### Provided records

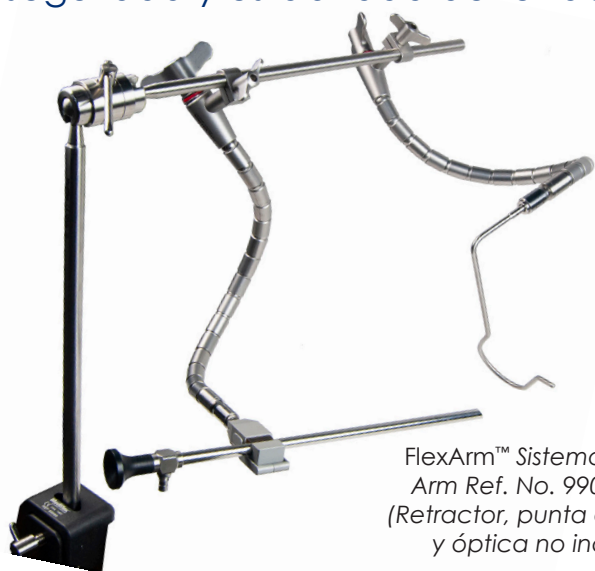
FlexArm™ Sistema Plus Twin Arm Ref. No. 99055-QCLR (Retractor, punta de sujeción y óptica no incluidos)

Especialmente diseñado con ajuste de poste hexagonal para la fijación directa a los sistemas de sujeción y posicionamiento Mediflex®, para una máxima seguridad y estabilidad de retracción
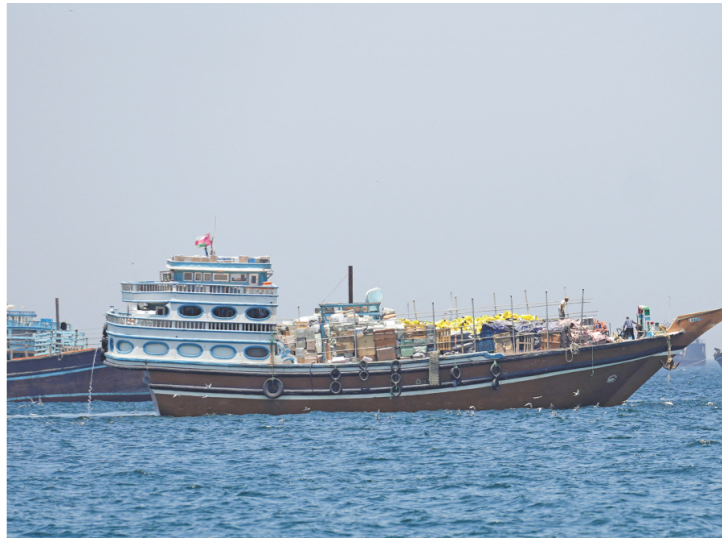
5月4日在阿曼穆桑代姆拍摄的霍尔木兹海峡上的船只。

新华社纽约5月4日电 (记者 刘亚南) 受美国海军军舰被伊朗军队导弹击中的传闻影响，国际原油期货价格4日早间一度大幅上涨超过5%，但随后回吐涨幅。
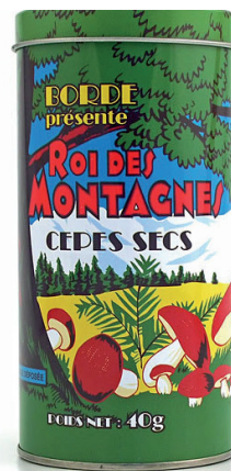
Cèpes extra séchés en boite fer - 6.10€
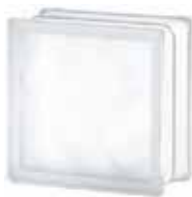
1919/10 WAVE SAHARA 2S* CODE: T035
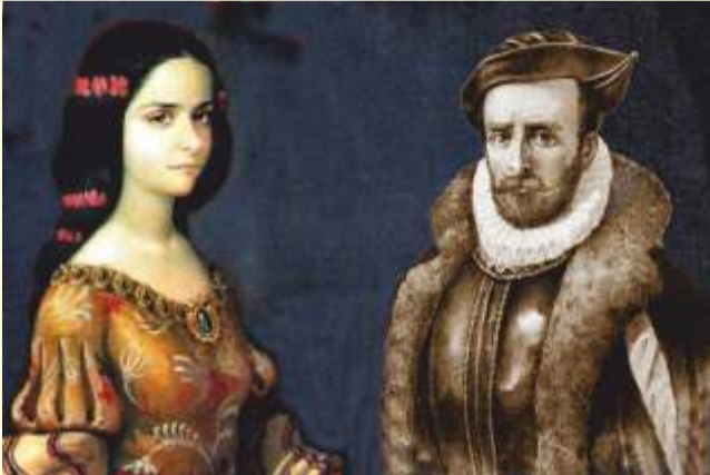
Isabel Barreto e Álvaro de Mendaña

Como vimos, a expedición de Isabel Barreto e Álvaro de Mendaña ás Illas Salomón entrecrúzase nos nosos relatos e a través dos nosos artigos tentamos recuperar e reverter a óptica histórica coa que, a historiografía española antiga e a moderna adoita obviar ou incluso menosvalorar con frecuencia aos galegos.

######
### Provided records

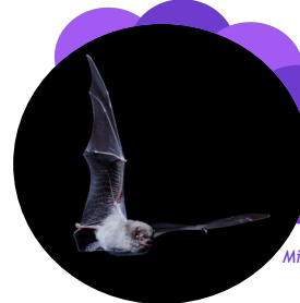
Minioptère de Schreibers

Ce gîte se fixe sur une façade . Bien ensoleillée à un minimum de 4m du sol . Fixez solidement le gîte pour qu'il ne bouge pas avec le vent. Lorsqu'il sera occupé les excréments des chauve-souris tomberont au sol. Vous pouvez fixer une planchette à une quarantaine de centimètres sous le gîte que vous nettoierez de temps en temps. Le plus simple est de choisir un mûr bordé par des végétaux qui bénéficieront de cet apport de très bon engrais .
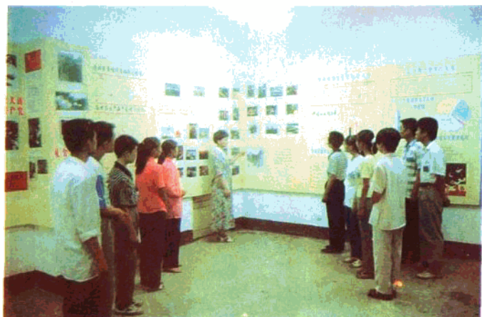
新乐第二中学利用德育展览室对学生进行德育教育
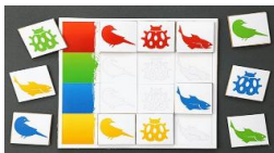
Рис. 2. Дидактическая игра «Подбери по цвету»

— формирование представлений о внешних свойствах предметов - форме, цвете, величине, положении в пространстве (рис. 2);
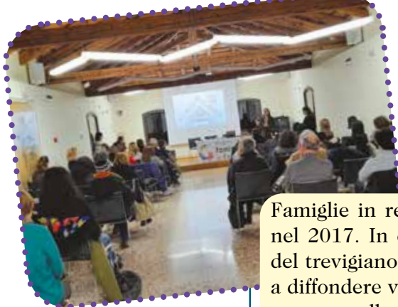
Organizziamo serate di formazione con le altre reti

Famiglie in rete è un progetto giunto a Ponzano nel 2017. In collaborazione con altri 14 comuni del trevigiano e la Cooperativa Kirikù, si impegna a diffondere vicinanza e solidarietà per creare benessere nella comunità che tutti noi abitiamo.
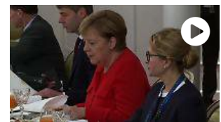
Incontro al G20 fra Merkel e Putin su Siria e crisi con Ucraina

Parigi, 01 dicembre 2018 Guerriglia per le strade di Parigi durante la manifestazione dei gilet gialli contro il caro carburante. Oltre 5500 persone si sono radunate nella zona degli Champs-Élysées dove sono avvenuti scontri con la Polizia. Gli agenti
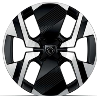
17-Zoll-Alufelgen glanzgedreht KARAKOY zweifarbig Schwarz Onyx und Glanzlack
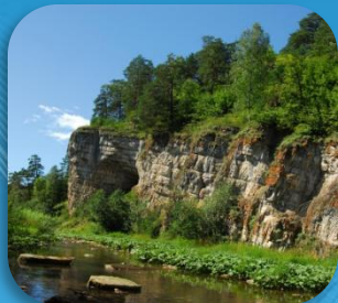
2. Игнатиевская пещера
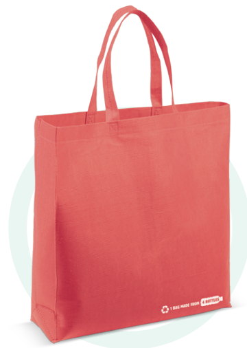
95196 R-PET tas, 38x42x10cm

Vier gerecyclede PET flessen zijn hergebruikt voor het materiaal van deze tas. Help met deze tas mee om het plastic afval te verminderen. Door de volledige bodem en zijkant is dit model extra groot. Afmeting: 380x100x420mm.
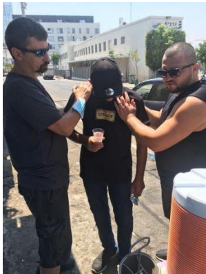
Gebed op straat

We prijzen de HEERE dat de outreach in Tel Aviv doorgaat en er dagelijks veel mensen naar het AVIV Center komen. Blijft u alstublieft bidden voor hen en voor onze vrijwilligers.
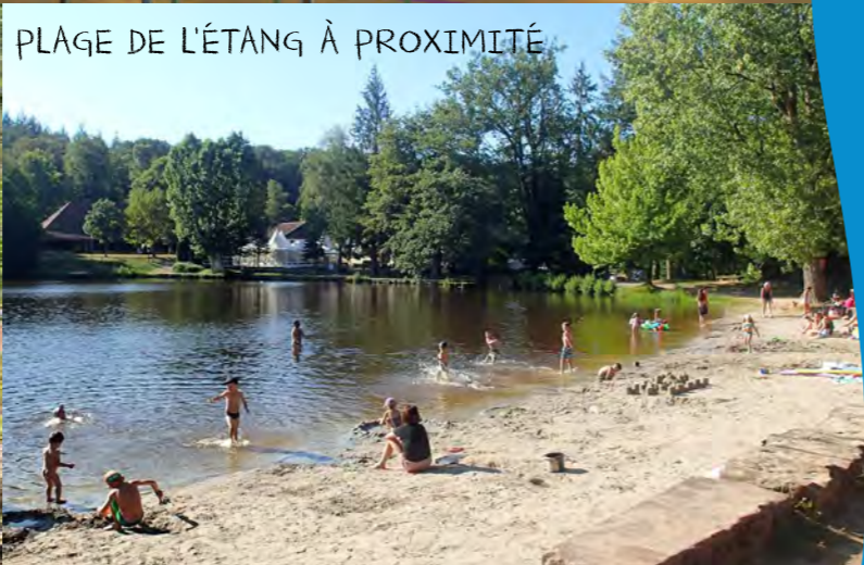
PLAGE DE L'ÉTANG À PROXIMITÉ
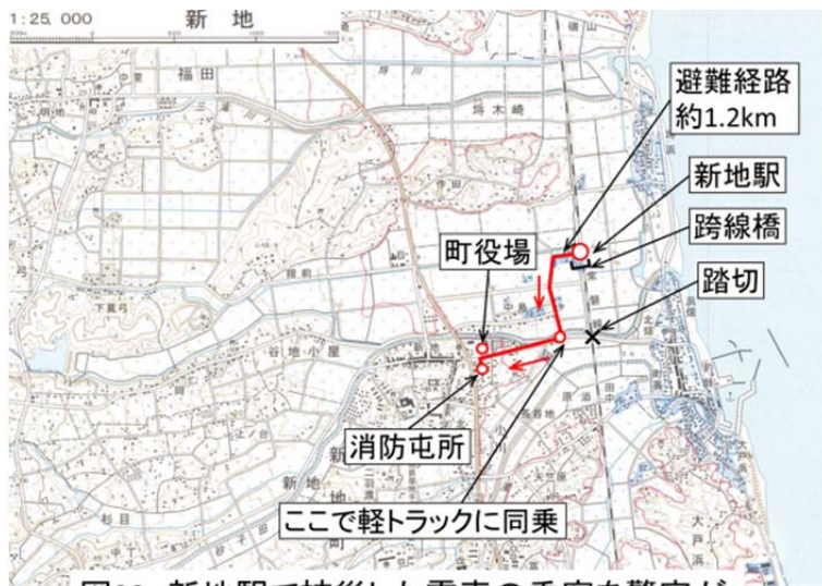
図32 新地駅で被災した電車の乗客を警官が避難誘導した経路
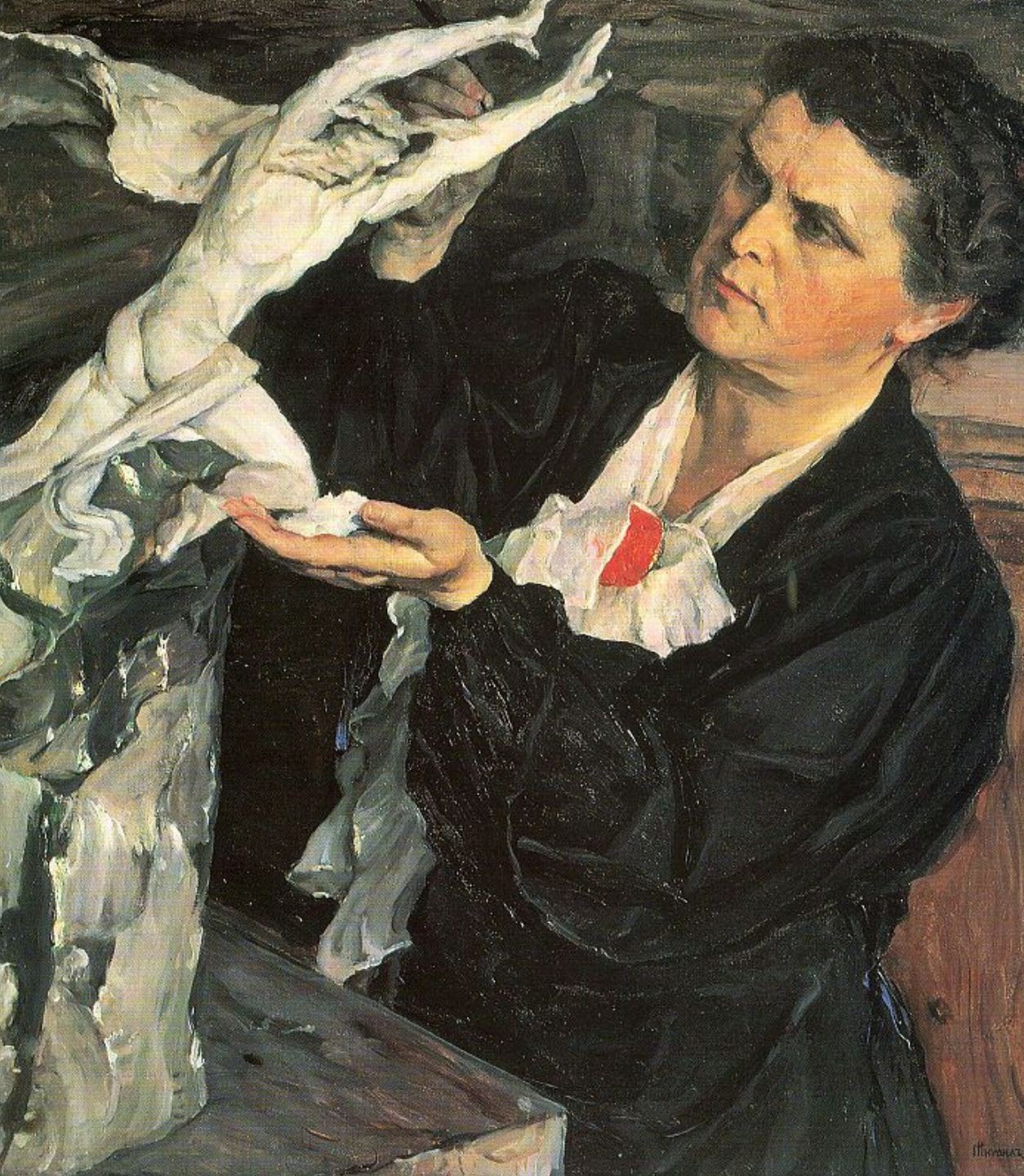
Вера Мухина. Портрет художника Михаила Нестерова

######
### Provided records

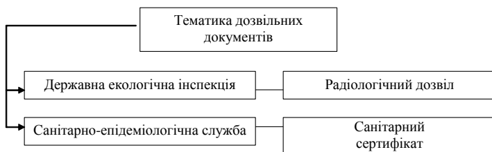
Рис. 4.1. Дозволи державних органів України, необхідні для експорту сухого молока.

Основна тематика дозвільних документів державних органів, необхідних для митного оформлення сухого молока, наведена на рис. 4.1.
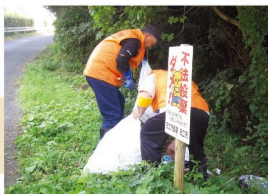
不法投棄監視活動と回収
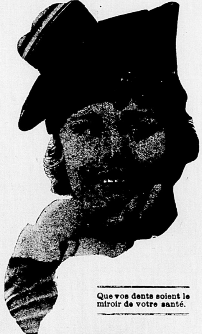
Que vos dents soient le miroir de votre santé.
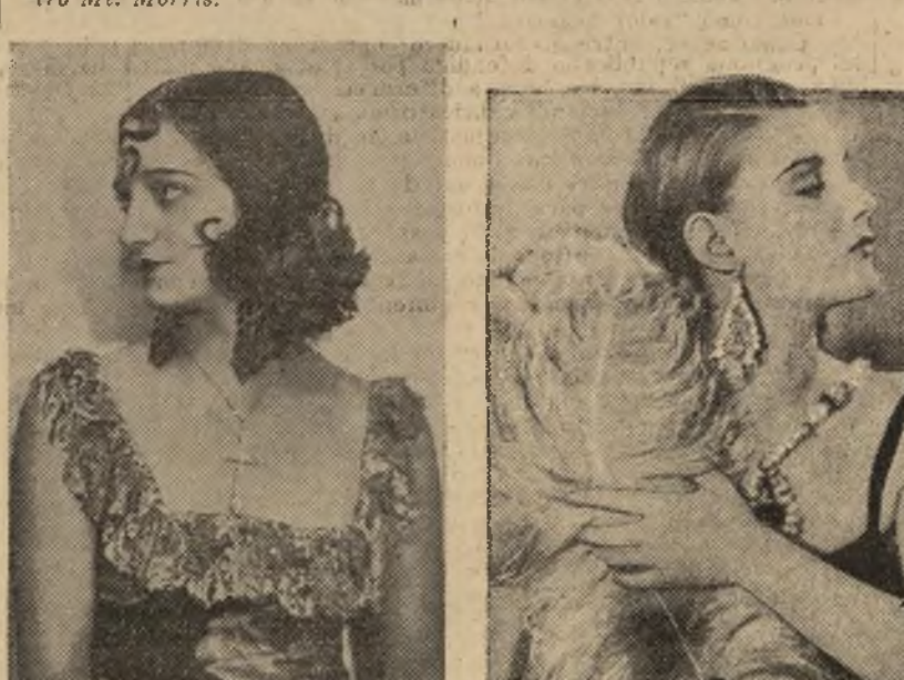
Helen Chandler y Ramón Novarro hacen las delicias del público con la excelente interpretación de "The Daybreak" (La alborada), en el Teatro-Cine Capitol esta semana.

######

Exercise details:
From the data above, retype only the lines starting with the line with "FlexArm™ Sistema Plus" and going on through the line with "Como vimos, a", exactly, leaving out the pictures.

Reply:
FlexArm™ Sistema Plus Twin Arm Ref. No. 99055-QCLR (Retractor, punta de sujeción y óptica no incluidos)

Especialmente diseñado con ajuste de poste hexagonal para la fijación directa a los sistemas de sujeción y posicionamiento Mediflex®, para una máxima seguridad y estabilidad de retracción
5月4日在阿曼穆桑代姆拍摄的霍尔木兹海峡上的船只。

新华社纽约5月4日电 (记者 刘亚南) 受美国海军军舰被伊朗军队导弹击中的传闻影响，国际原油期货价格4日早间一度大幅上涨超过5%，但随后回吐涨幅。
Cèpes extra séchés en boite fer - 6.10€
1919/10 WAVE SAHARA 2S* CODE: T035
Isabel Barreto e Álvaro de Mendaña

Como vimos, a expedición de Isabel Barreto e Álvaro de Mendaña ás Illas Salomón entrecrúzase nos nosos relatos e a través dos nosos artigos tentamos recuperar e reverter a óptica histórica coa que, a historiografía española antiga e a moderna adoita obviar ou incluso menosvalorar con frecuencia aos galegos.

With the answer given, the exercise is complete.